To normalize the internal standard for MS quantification, we detected the change ratio of β-actin based on the isotope labeling Leu-containing peptide (EITALAPSTMK) between RCTs and PKTs (Table 1 & Fig 2). In the first time of MS/MS identification (Table 1, Exp1), the SILAC ratio 1 was 1.07 (137 counts/128 counts, Fig 2A). And the SILAC ratio 2 was 1.13 (306 counts/271 counts, Fig 2B). So the change fold of β-actin, calculated from SILAC ratio 2 versus SILAC ratio 1, was 1.06, indicating a nearly equal concentration of β-actin between RCTs and PKTs. And the change fold 1.01 of β-actin in the second MS/MS quantification (Table 1, Exp2) was well consistent with the above data. So an equal abundance of β-actin between RCTs and PKTs suggest that the same loading sample amount was ensured to be a comparison base for other proteins in MS analysis.
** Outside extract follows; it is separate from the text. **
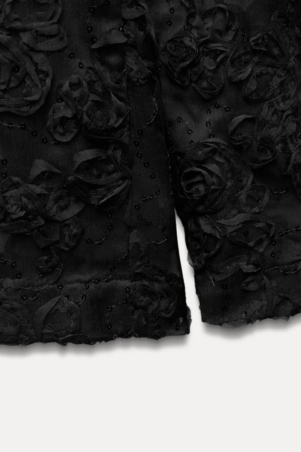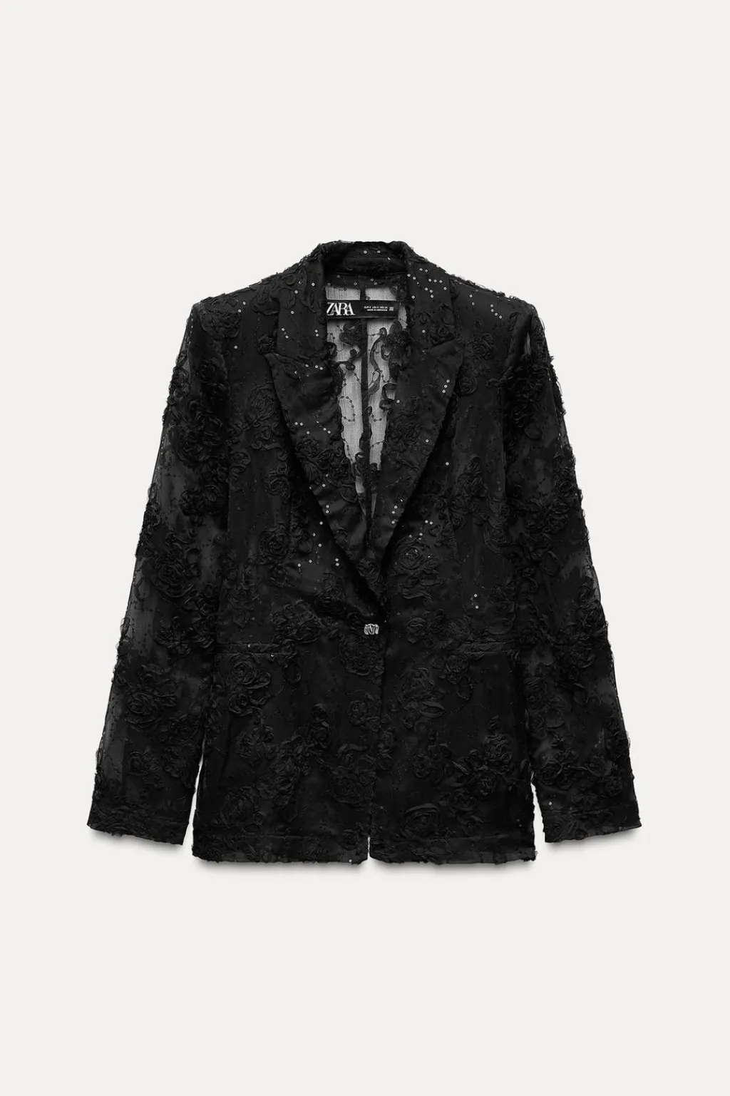 Blazer de cuello solapa y manga larga con hombreras. Detalle de tejido en estructura en forma de flor y lentejuelas. Bolsillos delanteros de vivo. Cierre frontal con botón metálico.

The SILAC ratios of β-actin with isotope labeling peptides “EITALAPSTMK” (m/z 582.86/581.33, 2+) respectively from the group of protein mixture composed of PKTs and HEK293 cells (A), another group of protein sample containing RCTs and HEK293 cells (B). The isotope labeling peptides ‘GDQPAASGDSDDDEPPPLPR’ (m/z 1019.99/1018.49, 2+) from protein mixture containing PKTs and HEK293 cells (C), RCTs and HEK293 cells (D) were used to quantify PGRMC1 abundance. PGRMC1 concentration was validated between 3 RCTs and corresponding PKTs by western blotting (E). RCTs: renal cell carcinoma tissues; PKTs: para-cancerous kidney tissues.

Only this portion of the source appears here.